Within 2 casts, my choice was rewarded with a small Rainbow. Since I’d tied on extra tippet, my line was now too long to get the fish into my net in deeper water, so I backed up into shallows and quickly landed and released the fish. My pulse thrummed after catching a fish on this long day of failure.
Over the next hour, I tried several spots where I’d been unsuccessful the whole morning. Each one produced only average stockers but a lot of fun. Finally one take seemed particularly vicious and I could see a thick Rainbow fighting to lose my fly in the deeper water. Again I had to back into shallower flow to work with the longer tippet, but landed a fat feisty customer around 14” who was starting to develop the big head of a much larger fish. This was worth the whole day, I thought.
A couple in a canoe with two small dogs paddled by, headed straight for a large rock. She paddled while he used his paddle like a rudder and they managed to miss it. They pulled up on the large gravel bar downstream and the dogs jumped out to play. Within a minute, another couple in a canoe swept by. She crouched in the bottom with head against the middle seat while her partner did the work. “Looks like the lap of luxury to me,” I called out.
She hollered back, “I’m lovin’ this.” They joined their friends and the dogs, spread a blanket and had a picnic.

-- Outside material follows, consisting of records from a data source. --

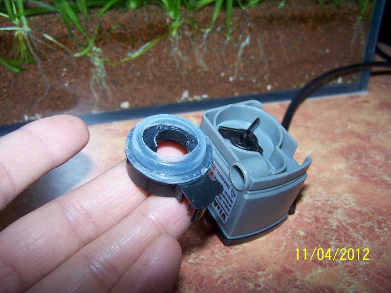 В бщем виде процесс представлен на фото. Для крепления колбы водозаборника из полиэтиленовой пробки (запчасть №4) была вырезана переходная муфта и приклеена на крышку турбинной камеры помпы. Также понадобилось срезать верхнюю часть крышки помпы, что не повлияло на целостность помпы и позволило задействовать имеющиеся на ней присоски для крепежа конструкции на стекло. Мерный колпачек от удобрений также был слегка модернизирован под нужды конструктива: срезано дно под диаметр трубки (чуть меньше 2,5 см для плотности надевания) и вырезаны 3 отверстия для забора пленки с поверхности воды. Да, ОБЯЗАТЕЛЬНО наличие сетки в верхней части заборной трубки для предотвращения попадания неразумной любопытной живности (вроде той, что на фото), под лопасти турбины помпы. Регулировка силы всасывания воды с поверхности осуществляется с помощью краника на тройнике и глубины погружения всей конструкции (в рабочем режиме верхняя часть колпачка выше поверхности на 3-5 мм) . Готовый девайс после регулировки работает совершенно бесшумно и весьма эффективно. Приятного вам рукоделия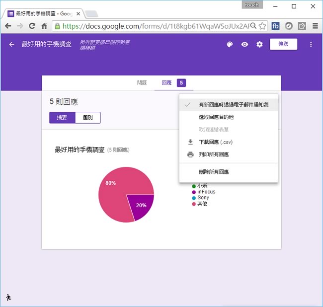 首頁線上工具生產力工具 如何建立 Google 表單,並在有回應時,立即以電子郵件通知? Google 雲端硬碟內除了有免費的硬碟儲存與檔案分享空間外,更提供了類似微軟 Office 的文件、試算表與簡報等功能,其中「Google 表單」也是深受大家歡迎的功能,不但可以自訂建立收集資料的表單格式,也非常容易就能建立問卷調查表格,且提供以電子郵件、網路連結或是嵌入到 HTML 內,讓自訂蒐集資料的動作,不必再為技術、展示與維護而傷腦筋。 🔔 不錯過任何精彩! 立即訂閱我們的 LINE 官方帳號 每次發佈新文章時,您將會第一時間收到本站文章連結通知,輕鬆掌握最新資訊! 使用 LINE 追蹤文章更新 §相關文章,還可以參閱:OpenAI 在 ChatGPT 中測試廣告|哪些帳戶受影響、廣告運作原則一次看在蝦皮當賣家,商品如何定價?手續費、免運、稅金怎麼算?蝦皮手續費計算機幫你全搞定!Google AI Plus 降到 260 元對決 ChatGPT Go!誰的功能更值得訂閱?ChatGPT Go 月付 290 元值得嗎?免費版、Plus 完整比較用 AI 做出的電影,YouTube 就看得到!一起來欣賞這部贏得百萬美元的突尼西亞短片《Lily》 如何建立 Google 表單,並在有回應時,立即以電子郵件通知? 1.使用瀏覽器登入 Google 雲端硬碟,並建立 Google 表單。 2.建立表單,可透過表單右方的浮動工具列加入多媒體與增加區段。 4.切換到回覆頁籤,可設定有回覆時要進行的動作與回覆資料的統計下載。 5.透過右上方的[ 傳送 ],可將建立好的表單,以電子郵件進行傳送、連結或嵌入到其他網頁內。 Google 雲端硬碟網站網址:https://www.google.com/intl/zh-TW/drive/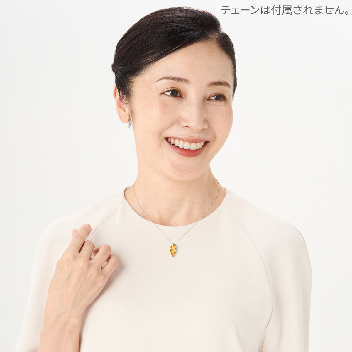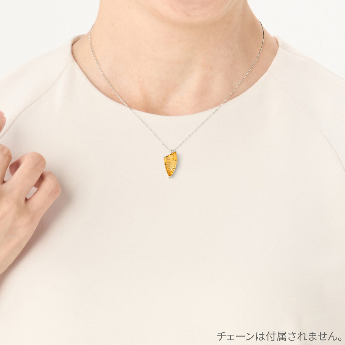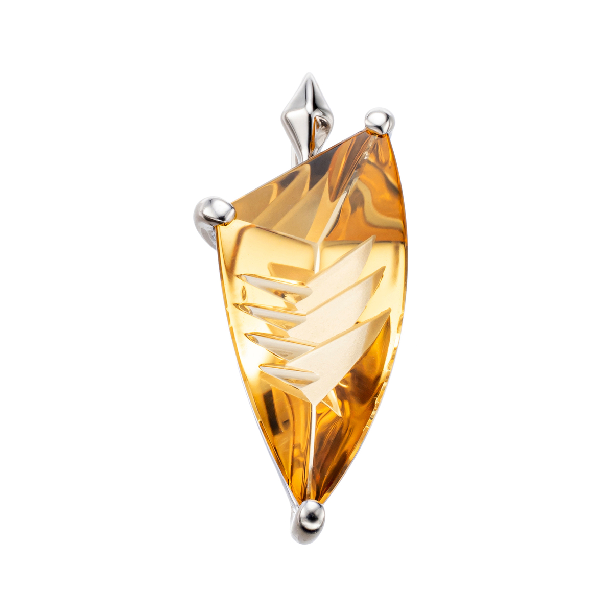 黄金色に輝くイエローベリルのペンダントヘッド。裏側に施した鋭いカットと一部のつや消し加工が、光と質感のコントラストを際立たせます。菱形のバチカンはドラゴンの爪をイメージし、プラチナの上質な輝きとともに力強さと洗練を兼ね備えた逸品です

My sore muscles told me it was time to head home, but I saw one more spot in a different rock bed that I hadn’t tried. The current was faster there and I picked my way carefully over slick rocks and the harsh push of the water until I arrived at my destination. After a couple of casts, I landed another small Rainbow. The wind kicked up even harder than the morning and I decided to quit, go home and prepare for church the next day.

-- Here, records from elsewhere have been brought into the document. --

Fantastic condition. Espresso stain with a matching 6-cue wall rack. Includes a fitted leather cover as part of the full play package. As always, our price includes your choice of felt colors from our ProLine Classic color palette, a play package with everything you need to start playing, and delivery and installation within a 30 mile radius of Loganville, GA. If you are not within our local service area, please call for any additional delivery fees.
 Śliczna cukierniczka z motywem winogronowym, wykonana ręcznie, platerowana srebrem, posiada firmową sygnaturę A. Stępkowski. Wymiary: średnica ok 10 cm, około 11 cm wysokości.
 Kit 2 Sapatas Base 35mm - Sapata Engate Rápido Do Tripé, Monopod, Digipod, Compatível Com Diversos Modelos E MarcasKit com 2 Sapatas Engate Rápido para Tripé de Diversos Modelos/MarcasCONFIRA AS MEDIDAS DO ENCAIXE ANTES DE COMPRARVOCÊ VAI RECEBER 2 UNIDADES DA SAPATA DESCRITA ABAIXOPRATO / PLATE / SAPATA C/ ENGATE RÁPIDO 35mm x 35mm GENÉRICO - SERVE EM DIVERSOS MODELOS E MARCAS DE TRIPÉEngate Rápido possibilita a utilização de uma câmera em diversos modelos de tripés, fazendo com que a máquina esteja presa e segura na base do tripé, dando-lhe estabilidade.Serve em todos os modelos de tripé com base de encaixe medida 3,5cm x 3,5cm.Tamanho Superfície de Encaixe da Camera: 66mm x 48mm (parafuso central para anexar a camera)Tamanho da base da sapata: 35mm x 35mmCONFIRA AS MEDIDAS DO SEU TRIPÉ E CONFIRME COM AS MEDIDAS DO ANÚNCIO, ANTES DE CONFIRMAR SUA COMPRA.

Sunday morning I arrived in the choir room to unexpectedly learn that I was helping serve communion. I mentally reviewed the tasks from the last time I’d assisted the minister. When the appropriate time came, I carried the plate of small “wine” cups and bent to each kneeling member, held out the tray and said, “The blood of Christ shed for you.”

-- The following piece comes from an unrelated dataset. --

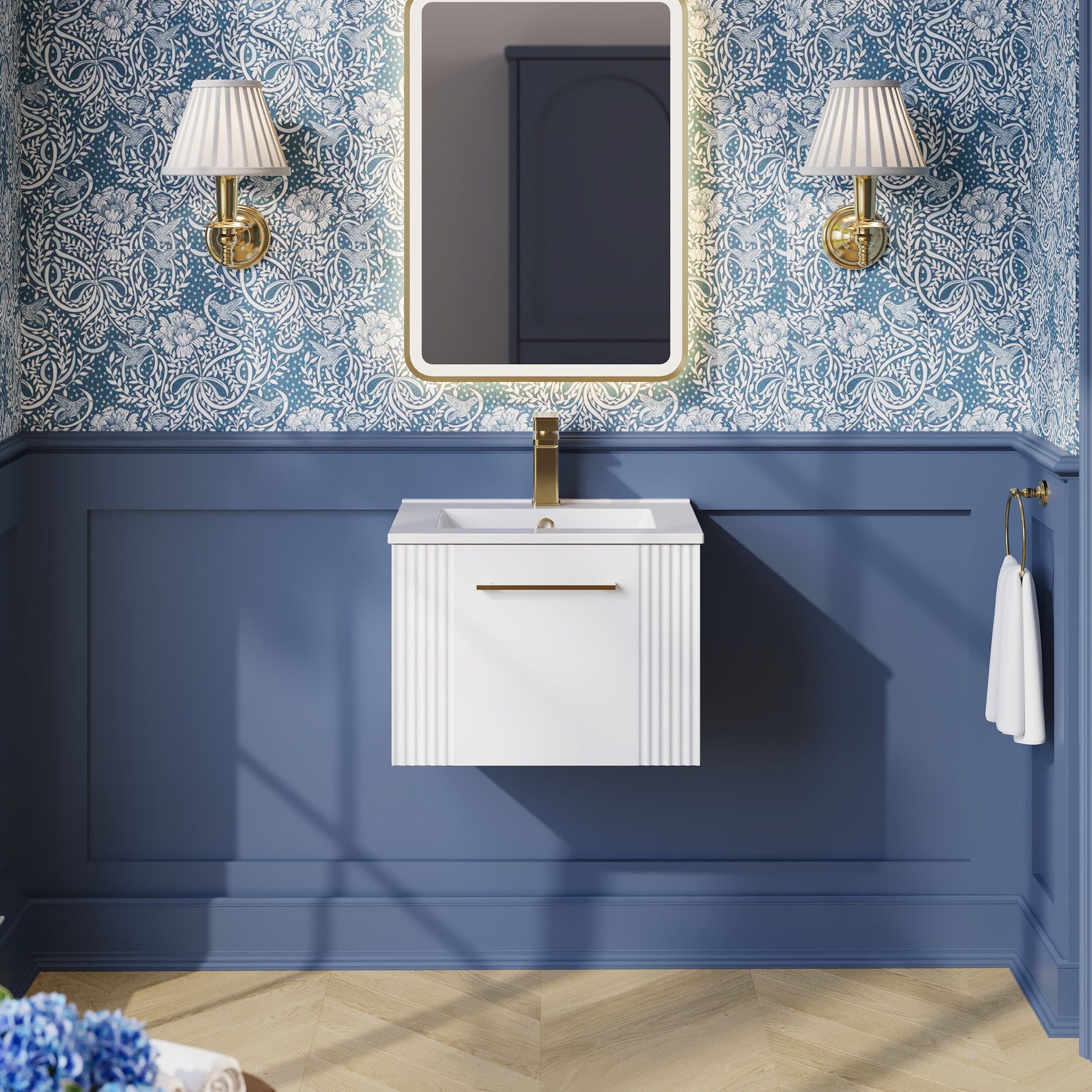 nuie Deco 500mm Wall Hung Single Drawer Vanity & Minimalist Basin - Satin White

This simple task always strikes me as a humbling experience. Not only am I acting as a servant of God, but am allowed a closer observation of the faces of those who kneel. They communicate through unguarded expressions eagerness, gratitude, and something else … yearning for the forgiveness and restoration that this experience brings.
And as I return to the choir loft and we begin the last hymn, I carry those looks within me as tears cascade down my cheeks and realize that in those yearning-to-yield faces I find my own.
Are you trudging through your own gullies of sin and worry this Holy Week? Have the dark winds of despair swept across your spirit bringing no answers? Easter Sunrise calls to us across the river. The risen Christ stretches out his nail-scarred hand. All we have to do … is clasp it in our own.